# WHAT THE EXERCISE ASKS
Where a picture appears, leave it out, and print the rest of the records as they are.

# RECORDS SHOWN
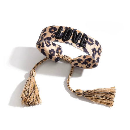 Bransoletka w panterkę z napisem love to połączenie uroku i charakteru. Wykonana z miękkiego, trwałego sznurka o szerokości 1,83 cm, przyciąga wzrok subtelnym wzorem panterki ozdobionym różowymi serduszkami. Dzięki regulowanemu zapięciu dopasujesz ją idealnie do nadgarstka – maksymalna długość wynosi 25 cm.
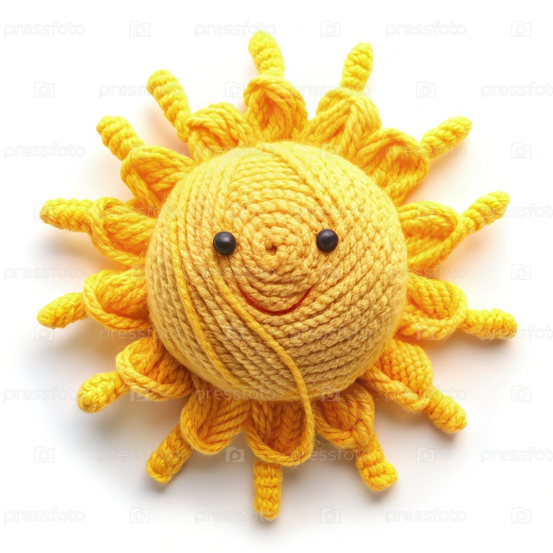 Трикотажное солнце с шариком из пряжи в центре, отображаемым на белом фоне
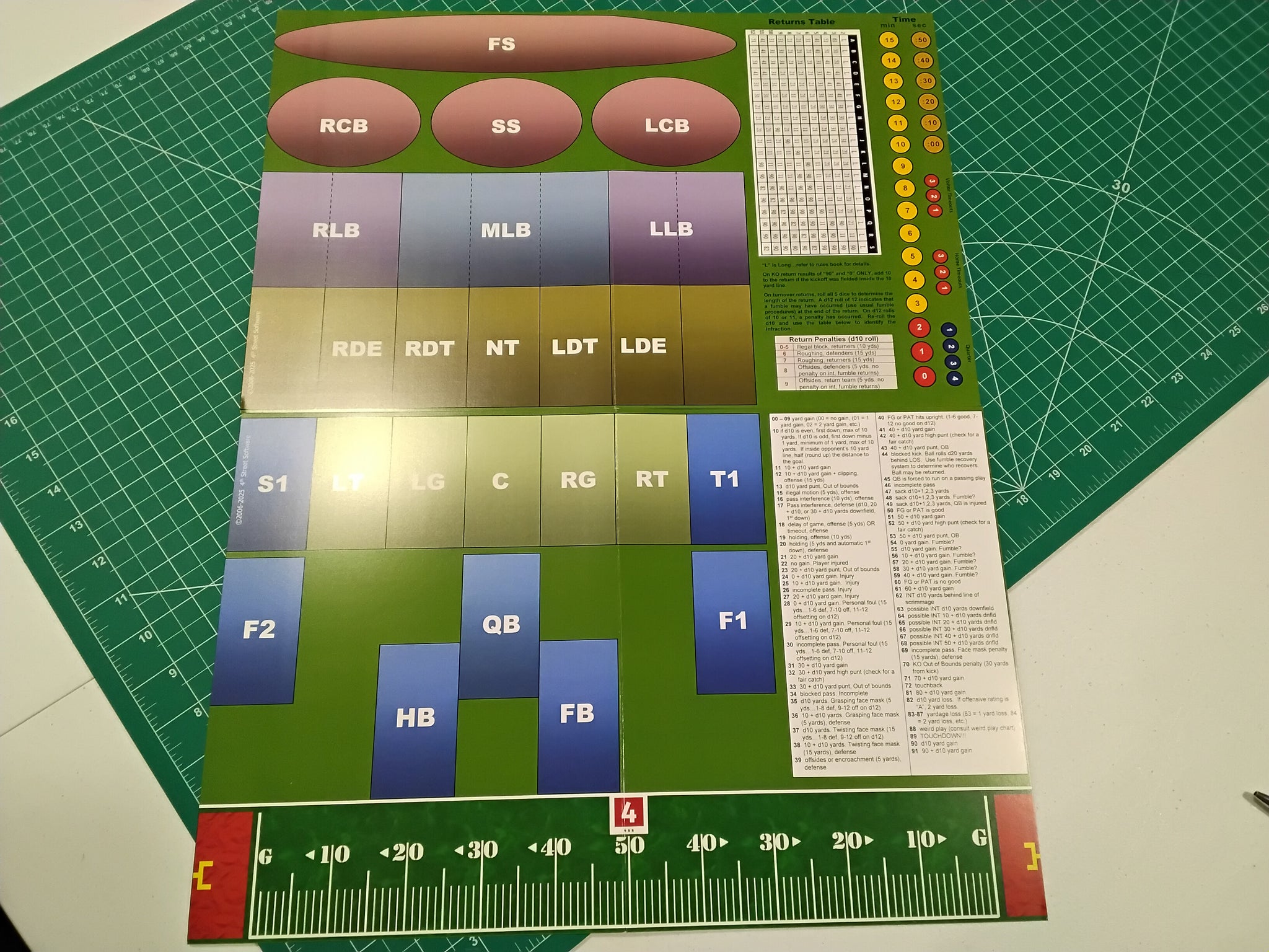 New Product 9/7/2024!  Deluxe Football Fields are now ready for shipment!  These are an upgrade over the 2-part "jumbo" fields that come with the game, and are mounted on 2mm book board with a black, vinyl backing.  A set includes two bi-fold boards which are set next to each other to make a 17" x 22" playing surface.  Each board is made by hand and there may be slight differences, including the printed area itself.  See the dropdown for ordering information.
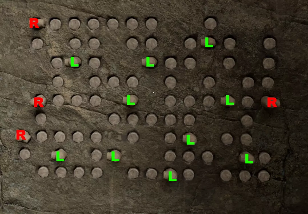 游戏结尾处有一个秘密宝库。以下是打开它所需的条件: 前提条件 你需要在游戏中收集至少49个【远古遗物】。第50个遗物只有在 credits 滚动结束后,你能够再次自由探索伊拉克时才能获得。集齐全部50个遗物将解锁 Shadows out of Time 成就。 关于成就的重要说明 你需要在 inventory 中拥有全部50个遗物才能获得【Shadows out of Time】成就,由于你可以用50个遗物中的49个来解开宝库,因此请确保在解开宝库之前,你的 inventory 中拥有所有遗物。解开这个谜题后,会移除所使用的遗物,并且你将无法获得成就。因此,如果你打算用49个遗物来解谜,且想要获得成就的话,一定要先收集齐全部50个遗物。 解法: 四个墙壁区域都需要将古代 artifacts(古物)放置在正确的位置并旋转到正确的方向。这是我使用的解法(可能还有其他解法)。注意,每个古物可以向右旋转(激活所有正交方向的空格)或向左旋转(激活其周围的所有空格)。 完成此操作后,你将获得最后的日记笔记,并且(如果你已收集游戏中的其他笔记)解锁【Archivist】成就。有趣的是,如果你足够用心,在抵达宝库前收集到全部49个遗物,就能直接解锁这段过场动画,无需继续推进剧情。这会让你看到的过场动画在时间顺序上显得毫无逻辑(为什么沃斯还没安装好所有宝石,约柜就出现在南极洲了?如果洛克斯还在这里,那谁的脚印会通向约柜之外?),而且你甚至能在击败最后一个区域前看到滚动的片尾字幕。 第一面墙:11个遗物
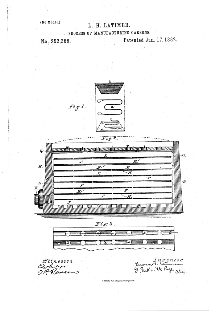Process 0f Manufacturing Carbons – Lewis H. Latimer – 1882 – Patent: US252386A
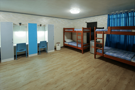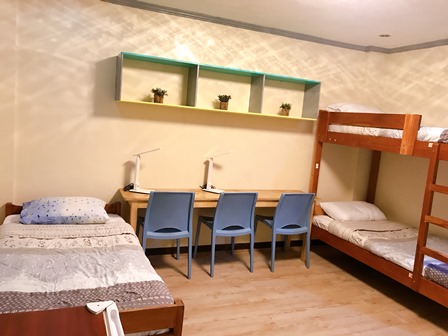 Bàn học trong phòng được thiết kế rất riêng tư, mỗi bạn sẽ có 1 ngăn riêng với chiết tủ cá nhân.
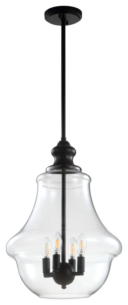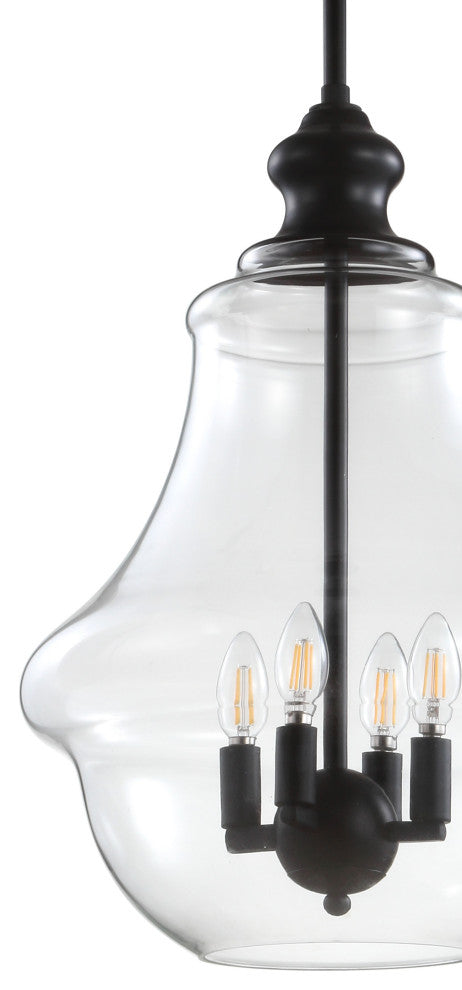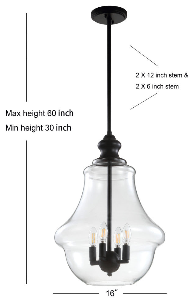 We love the combination of a striking black body and the glass shade in this pendant--a classic piece suitable for any style. With an adjustable drop, it can also look semi-custom, adjusting to your ceiling height. Perfectly suited for highly trafficked areas like kitchens and foyers.Features:• Finished in oil rubbed bronze, the metal body would suit any color palette• Fixture can be adjusted to your desired length• As this fixture must be hardwired, we recommend a professional electrician manage installation• Eco-friendly 4W LED bulb included• Takes four bulbs and compatible with any 9W LED or 40W TYPE "B" or 13W CFL• Color: Oil Rubbed Bronze• Body Material: Metal/Glass• Includes: One (1) lamp(s)• Assembly RequiredDimensions:• Lamp: 30 inches high x 16 inches wide x 16 inches deepAbout us:You see a lamp.We see a decorative work of art.A perfectly curved shade casts a dramatic shadow on a floor. A silk cord you never want to hide. LED lightbulbs: as easy on the environment as they are on the eyes. The JONATHAN Y Lighting collection considers every detail from impeccably sourced materials to designer styling. And our prices are so attractive, we''ve transformed a functional necessity into a fashion accessory.JONATHAN Y Lighting - a fashion revolution in home decor.
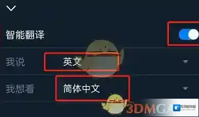 4、将智能翻译右侧功能开启,选择好翻译语言就可以了。
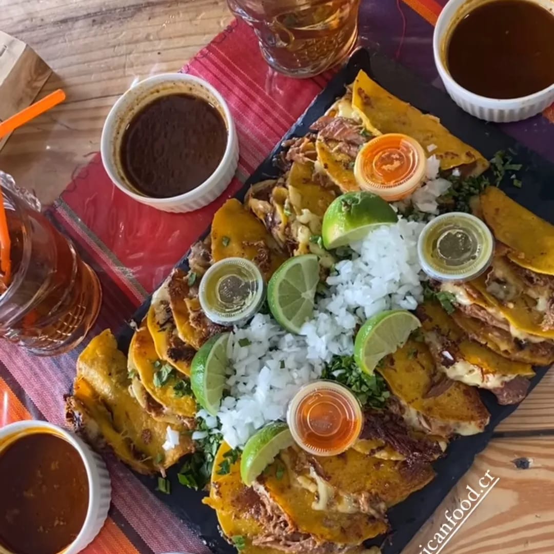 10 tacos rellenos con queso mozzarella derretido y birria de res desmenuzada, cocida a fuego lento con una selección de especias y hierbas, acompañada de nuestro consomé casero
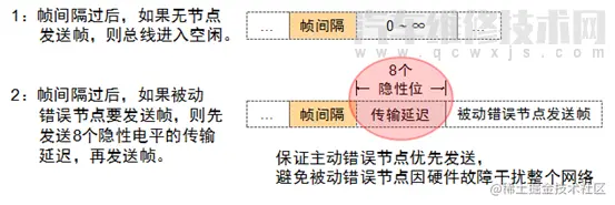 当发生这五种错误之一时,发送节点或接受节点将发送错误帧
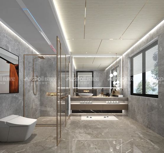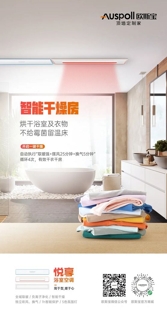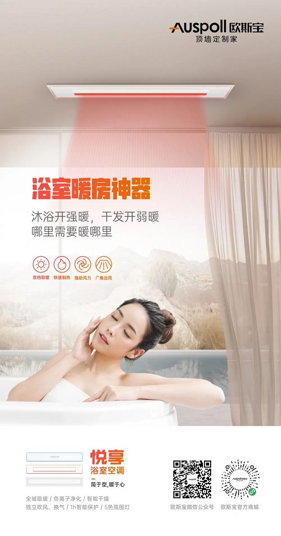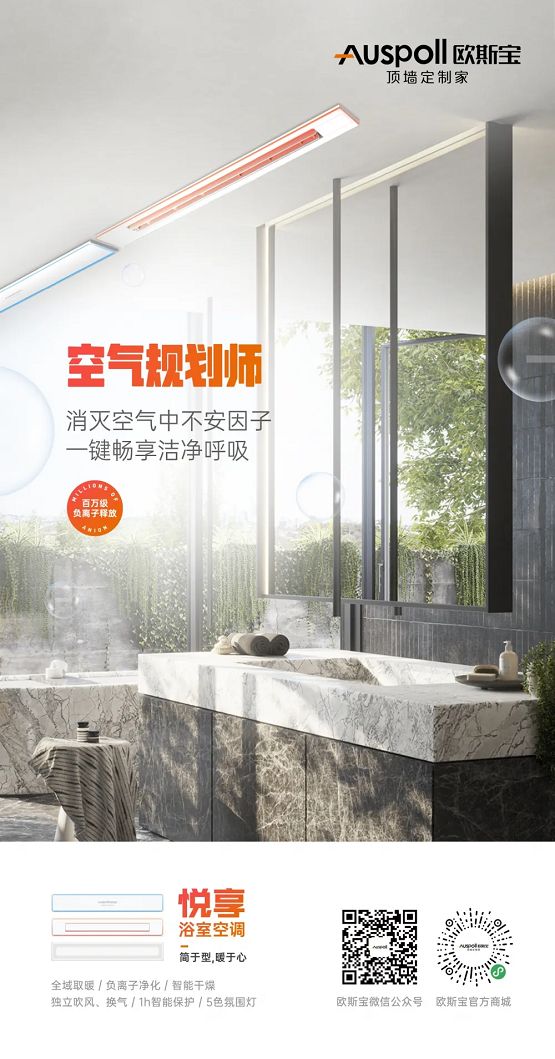欧斯宝悦享AB·浴室空调搭配无界系列-极简定制大板,融合空间美学与智能电器于一体,提升整体浴室空间的氛围和舒适体验,打造顶部空间家居结合艺术,让生活更智能,让浴室更舒适,好顶要配好电器,“大板”无边界,“悦享”新生活!

# SOLUTION TO THIS TASK
 Bransoletka w panterkę z napisem love to połączenie uroku i charakteru. Wykonana z miękkiego, trwałego sznurka o szerokości 1,83 cm, przyciąga wzrok subtelnym wzorem panterki ozdobionym różowymi serduszkami. Dzięki regulowanemu zapięciu dopasujesz ją idealnie do nadgarstka – maksymalna długość wynosi 25 cm.
 Трикотажное солнце с шариком из пряжи в центре, отображаемым на белом фоне
 New Product 9/7/2024!  Deluxe Football Fields are now ready for shipment!  These are an upgrade over the 2-part "jumbo" fields that come with the game, and are mounted on 2mm book board with a black, vinyl backing.  A set includes two bi-fold boards which are set next to each other to make a 17" x 22" playing surface.  Each board is made by hand and there may be slight differences, including the printed area itself.  See the dropdown for ordering information.
 游戏结尾处有一个秘密宝库。以下是打开它所需的条件: 前提条件 你需要在游戏中收集至少49个【远古遗物】。第50个遗物只有在 credits 滚动结束后,你能够再次自由探索伊拉克时才能获得。集齐全部50个遗物将解锁 Shadows out of Time 成就。 关于成就的重要说明 你需要在 inventory 中拥有全部50个遗物才能获得【Shadows out of Time】成就,由于你可以用50个遗物中的49个来解开宝库,因此请确保在解开宝库之前,你的 inventory 中拥有所有遗物。解开这个谜题后,会移除所使用的遗物,并且你将无法获得成就。因此,如果你打算用49个遗物来解谜,且想要获得成就的话,一定要先收集齐全部50个遗物。 解法: 四个墙壁区域都需要将古代 artifacts(古物)放置在正确的位置并旋转到正确的方向。这是我使用的解法(可能还有其他解法)。注意,每个古物可以向右旋转(激活所有正交方向的空格)或向左旋转(激活其周围的所有空格)。 完成此操作后,你将获得最后的日记笔记,并且(如果你已收集游戏中的其他笔记)解锁【Archivist】成就。有趣的是,如果你足够用心,在抵达宝库前收集到全部49个遗物,就能直接解锁这段过场动画,无需继续推进剧情。这会让你看到的过场动画在时间顺序上显得毫无逻辑(为什么沃斯还没安装好所有宝石,约柜就出现在南极洲了?如果洛克斯还在这里,那谁的脚印会通向约柜之外?),而且你甚至能在击败最后一个区域前看到滚动的片尾字幕。 第一面墙:11个遗物
Process 0f Manufacturing Carbons – Lewis H. Latimer – 1882 – Patent: US252386A
 Bàn học trong phòng được thiết kế rất riêng tư, mỗi bạn sẽ có 1 ngăn riêng với chiết tủ cá nhân.
 We love the combination of a striking black body and the glass shade in this pendant--a classic piece suitable for any style. With an adjustable drop, it can also look semi-custom, adjusting to your ceiling height. Perfectly suited for highly trafficked areas like kitchens and foyers.Features:• Finished in oil rubbed bronze, the metal body would suit any color palette• Fixture can be adjusted to your desired length• As this fixture must be hardwired, we recommend a professional electrician manage installation• Eco-friendly 4W LED bulb included• Takes four bulbs and compatible with any 9W LED or 40W TYPE "B" or 13W CFL• Color: Oil Rubbed Bronze• Body Material: Metal/Glass• Includes: One (1) lamp(s)• Assembly RequiredDimensions:• Lamp: 30 inches high x 16 inches wide x 16 inches deepAbout us:You see a lamp.We see a decorative work of art.A perfectly curved shade casts a dramatic shadow on a floor. A silk cord you never want to hide. LED lightbulbs: as easy on the environment as they are on the eyes. The JONATHAN Y Lighting collection considers every detail from impeccably sourced materials to designer styling. And our prices are so attractive, we''ve transformed a functional necessity into a fashion accessory.JONATHAN Y Lighting - a fashion revolution in home decor.
 4、将智能翻译右侧功能开启,选择好翻译语言就可以了。
 10 tacos rellenos con queso mozzarella derretido y birria de res desmenuzada, cocida a fuego lento con una selección de especias y hierbas, acompañada de nuestro consomé casero
 当发生这五种错误之一时,发送节点或接受节点将发送错误帧
欧斯宝悦享AB·浴室空调搭配无界系列-极简定制大板,融合空间美学与智能电器于一体,提升整体浴室空间的氛围和舒适体验,打造顶部空间家居结合艺术,让生活更智能,让浴室更舒适,好顶要配好电器,“大板”无边界,“悦享”新生活!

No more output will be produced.